Bradford Council is under pressure to lift its 14-year ban on striptease acts and allow lap and table dancers to perform in city clubs for the first time.

The clubs - where girls dance topless or nude for individual customers - are permitted in towns and cities across Europe.

But Bradford Council is believed to be one of the last local authorities in Britain to have a ban on stripping in pubs and clubs and could face a challenge in the European courts if it refuses to allow the acts.

Two operators who want to bring in the girls said today the stigma attached to the profession was undeserved and the dancing would be professional and supervised.

Leeds-based Land Leisure wants to open a new table dancing club in an empty building in Edmund Street with strict codes of practice for dancers, customers and staff.

The owner of Monroes in Cheapside in the city centre also wants to bring in lap dancers as part of its overall entertainments programme.

They have both submitted applications for provisional entertainments licences to Bradford Council and want a clause banning striptease to be removed.

Booths would be provided in both the premises for the acts and prices of either £10 or £20 would depend on whether the girls danced topless or nude.

Steven Selby, who has owned Monroes for four years and Brad Hutchinson, of Land Leisure, which wants to open the club in Edmund Street, said there would be strict codes of conduct and security.

Mr Selby said he wanted to operate the routines in line with other cities and towns, which even included genteel Harrogate.

He said: "We don't intend to make it the main and sole entertainment at Monroes. We don't want this to be a gentleman's club.

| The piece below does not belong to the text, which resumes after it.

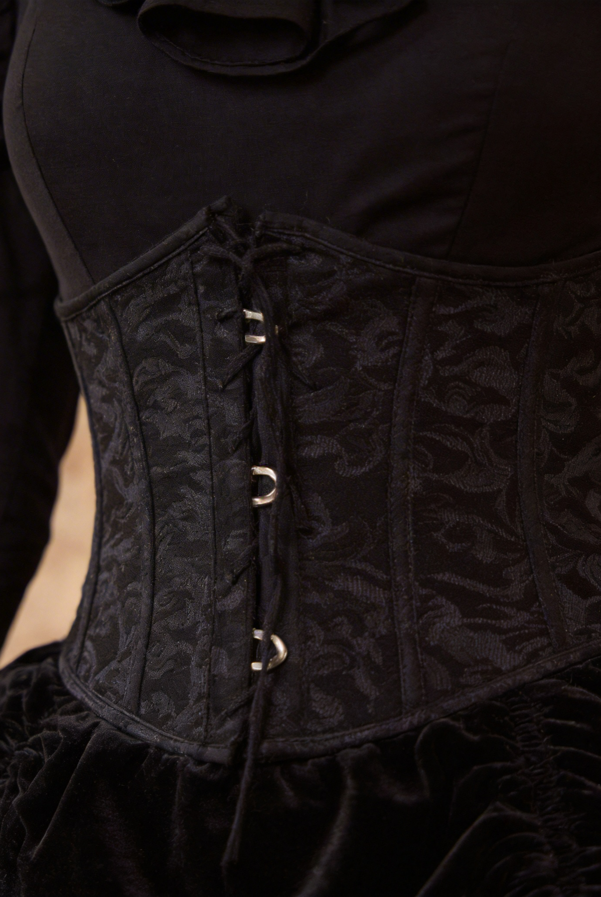 Satin with velvet draping and lace corset detailing

We will be continuing with our live bands and karaoke and would like to start with this maybe once a week."

He said the girls would dance with clients on a one-to-one basis, probably in booths.

Mr Selby added: "There seems to be a stigma about this and people don't understand what they really are."

He said if the Council gave permission the club would recruit about five professional dancers.

Mr Hutchinson said the illusion of "men in long rain coats" and "sleazy clubs" was wrong and it was accepted as professional entertainment in scores of towns and cities.

But former Labour Councillor Gillian Thornton, who strongly supported the striptease ban brought in by the Council in 1988, said: "This sort of thing would be to the detriment of Bradford."

Councillor Barry Thorne, deputy leader of Bradford Council's Labour group and a former chairman of its leisure committee, also said it would harm the city.

But variety club owner John Pennington said: "It is wrong for the Council to tell people what they think we should do. If you don't want to watch it, you don't have to."

He said he would not be introducing the acts in his own club, however.

Dean Loynes, chairman of Bradford Inner City Licensing Association, said: "It's a personal choice and no-one is forced to watch it. Personally it isn't a thing I would be interested in."

Licensing panel chairman, Councillor Martin Smith, said: "We would want to do some research before we reach a decision next Friday. It would be very carefully considered."

The panel members do not have to vote along political lines and their decisions can be challenged in the Crown Court.

A number of other authorities have lifted bans on striptease because of a clause in European law which gives people the "right of free expression". But issues of health and morals can also be taken into consideration.

If the licences were granted by the Council it would allow lap dancing between noon and 1am daily at Monroes and between 11am and 4am daily at Land Leisure's proposed club in Edmund Street.